Among the more common arguments against robust enforcement of the FCPA — or even against its very existence — is that it puts American corporations abroad on the bad foot. Martin J. Weinstein of Cadwalader believes just the opposite is true: playing by the rules gives US companies a better chance to compete on their own merits.
In a recent speech, the US attorney for the Southern District of New York criticized the premise of the Foreign Corrupt Practices Act (FCPA) and echoed a familiar complaint: Aggressive US anti-bribery enforcement puts American companies at a disadvantage overseas. That view gained traction after President Donald Trump’s February 2025 executive order directing the DOJ to pause FCPA prosecutions, and it has persisted even though enforcement has since resumed.
The problem is that this critique treats bribery as a workable competitive strategy, when, in practice, it is more often an unpredictable factor that inflates project costs, distorts competition and can turn a “cheap” deal into a significantly more expensive one over time. More fundamentally, it also misses the bigger point: The FCPA has often been good for American business, not despite its constraints but because of them, by rewarding companies that compete on quality and reliability, strengthening trust in US brands, protecting workers and shareholders from corruption-driven fallout and reinforcing a basic expectation that deals are won on merit rather than payoffs.

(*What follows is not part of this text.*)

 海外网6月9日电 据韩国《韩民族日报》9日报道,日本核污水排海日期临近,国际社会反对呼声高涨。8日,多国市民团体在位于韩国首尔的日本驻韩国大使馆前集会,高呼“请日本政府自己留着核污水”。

Globalization and the creation of the FCPA
Congress enacted the FCPA in 1977 after a series of bribery scandals involving U.S. companies abroad came to light in the wake of Watergate. What started as an investigation into illegal domestic political contributions connected to President Richard Nixon’s reelection campaign quickly uncovered a broader corporate practice: slush funds and off-the-books accounts that companies used to move money without oversight. The SEC’s investigations revealed the scope of the problem — nearly 400 US companies had used these funds not only for questionable domestic political activity but also for foreign payments, including bribes to overseas officials.
At the time, bribery was not uncommon. In fact, in some countries, including Germany and France, companies were allowed to treat certain overseas bribes as tax-deductible expenses. But the main problem for Congress was not just that bribery was happening. It was that companies were hiding it by fixing their books, disguising payments through intermediaries and keeping investors in the dark. They worried this mix of corruption and concealment would undermine confidence in corporate disclosures and raise foreign-policy concerns.

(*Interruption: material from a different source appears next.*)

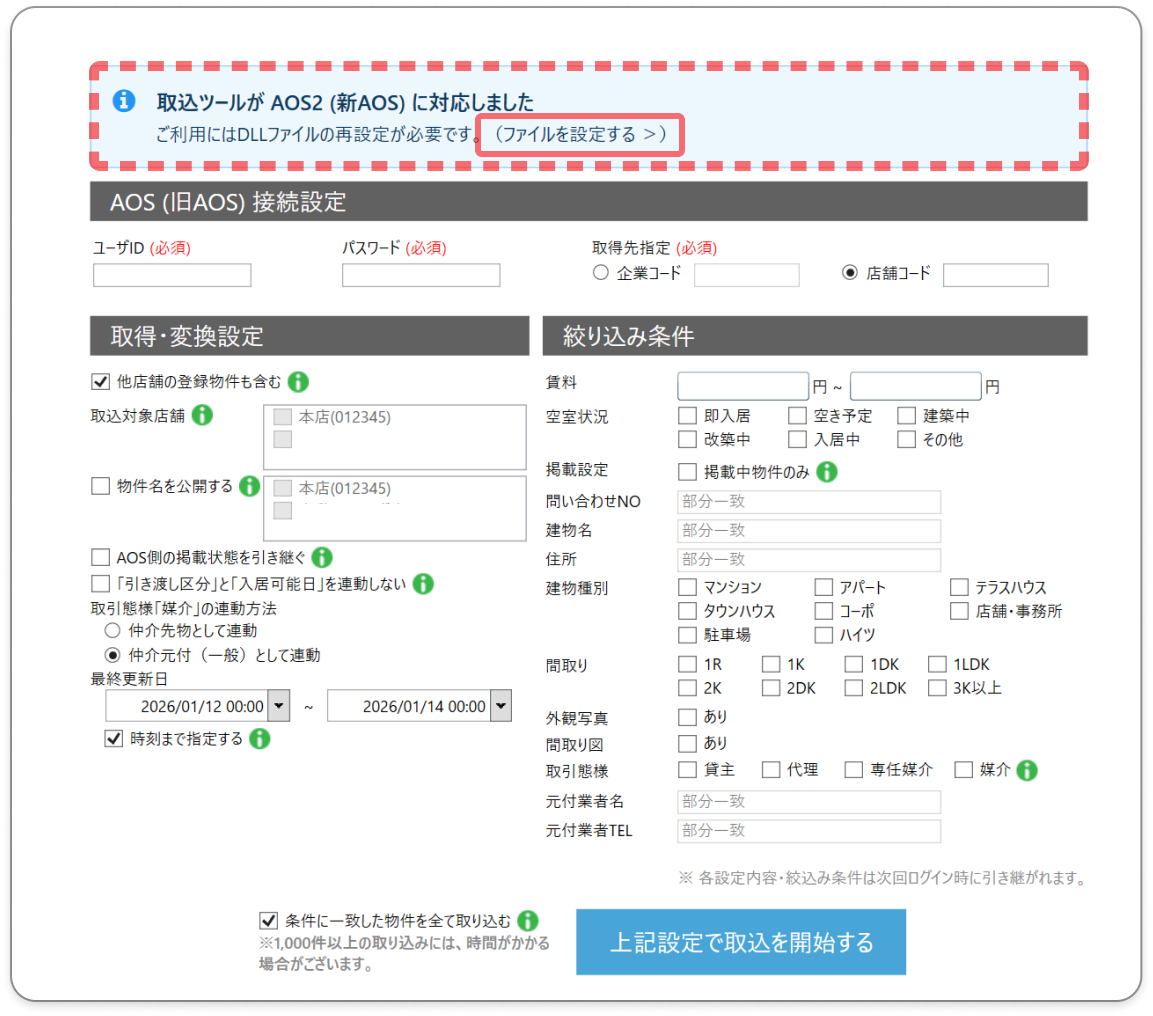 「AOS2」からの物件情報取込方法についてご説明します。

After much debate, in response, Congress passed the FCPA and it was significant for two reasons. First, it became the first statute to prohibit bribing foreign officials to obtain or retain business. Second, it required accounting and internal-control requirements for public companies, forcing them to keep accurate books and maintain controls robust enough to prevent and detect illegal payments.
In many ways, the FCPA was a product of an increasingly global economy. By the 1970s, more American companies were operating abroad through agents, distributors and joint ventures, and supply chains were becoming longer and harder to monitor. As cross-border business expanded, so did the opportunities to hide improper payments through intermediaries and opaque transactions. That made bribery harder to prevent and detect and made its consequences more far-reaching: The risk was no longer limited to the company making the payment; it reached investors relying on accurate disclosures, employees working inside those systems and the public’s confidence that major US businesses were operating legitimately.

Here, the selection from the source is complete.